THE BOMB AND HOW WE BUILT IT

Tuesday, 9 May 2022

Jacques is dead.

The portable stove is gone. I think it’s been destroyed. I’ll never know. I can’t ask.

I’m afraid to ask anything, I’m afraid they’ll tell me I don’t have the right to know. I’m afraid they’ll think it’s obscene. The funeral was yesterday.

Jacques is dead.

I know how funerals here go, I’ve been to one before. There’s naked dancing under the sprinklers and the Kitchen Staff spends the whole day preparing a very special meal, with even cake for dessert, and everyone sings while doing the dishes and no one gives a tinker’s tiny toot about the corpse. I want to cry.

There was a note from Leo waiting for me on my pillow as soon as I arrived. It said:
“I KNOW WHAT HAPPENED. YOUR JOURNAL ISN’T THE ONLY ONE I READ. I AM SO SORRY. I HOPE YOU CAN FORGIVE ME. COME TALK TO ME AND I WILL TELL YOU EVERYTHING. I HOPE YOU STILL WANT TO RUN AWAY WITH ME. LEO. PLEASE COME”

I have to find him now. He’s building The Bomb.
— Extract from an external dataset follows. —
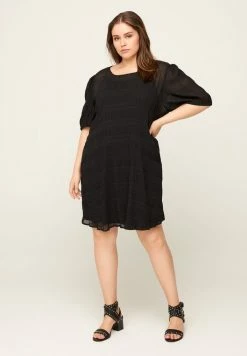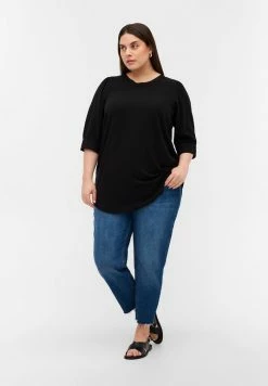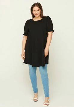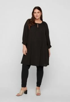 Zizzi TUNIKA MIT PUNKTEN UND BINDEBAND AN DER TAILLE – Blouse – Brown

He told me that lately they’ve started working in the afternoon, too, because it is so incredibly close to being finished, and they’re all so excited about it and love working on it and know it’s their mission to build it and can’t think of doing anything else. I don't know where The Bomb is being built. I’ll have to wait until dinner time to see Leo, which is in three hours. What am I going to do until then?

Unpack my suitcase. There is that board game, I still haven't figured it out. Could I spend three hours just looking at it? Yes. It’s so beautiful. There are all these little pictures all around it, of rooms in a house, a dining room, a living room, a kitchen, an entrance hall, a library, even a billiard room, and a room with just a piano and a beautiful red carpeted floor. And there are cards! So many wonderful pictures. There’s a candlestick and a stylish lady smoking a cigarette, and look at this guy with a moustache and monocle, he’s great, and what a funny outfit he’s wearing, what colour is this? Some sort of military uniform, I guess. An old lady in a black-and-white maid uniform, with a little lacey hat and everything. She looks so frail and helpless. People just don't look this frail and helpless now. I wonder why. In a way, the look on her face makes me think of an extreme level of safety. We sure feel less safe these days than scared people in the old days ever did. Scared people are the ones who live in the safest universe. They believe in the safety of it. They want to hold onto it at all costs. They have a lot to lose. I want to be scared like this poor maid on a board game, who has never known anything beyond the dining room and the living room and the kitchen and the entrance hall and the library and the billiard room and the weird room with the piano. There’s a picture of a lead pipe. A rope. A pistol. A handsome man wearing a suit with a bow tie. A dagger. A rich-looking widow covered in jewellery. I don't trust her. She looks evil to me. She looks like she could use any of the objects in the other cards to kill any of the other characters, in any of the rooms on the board. She looks like she would do it, if she had to. There’s also a picture of a monkey wrench. There are countless little strips of paper filled with funny words I don't understand and empty tick boxes. About fifteen minutes have passed. Jacques is dead. I’m never going to see him again.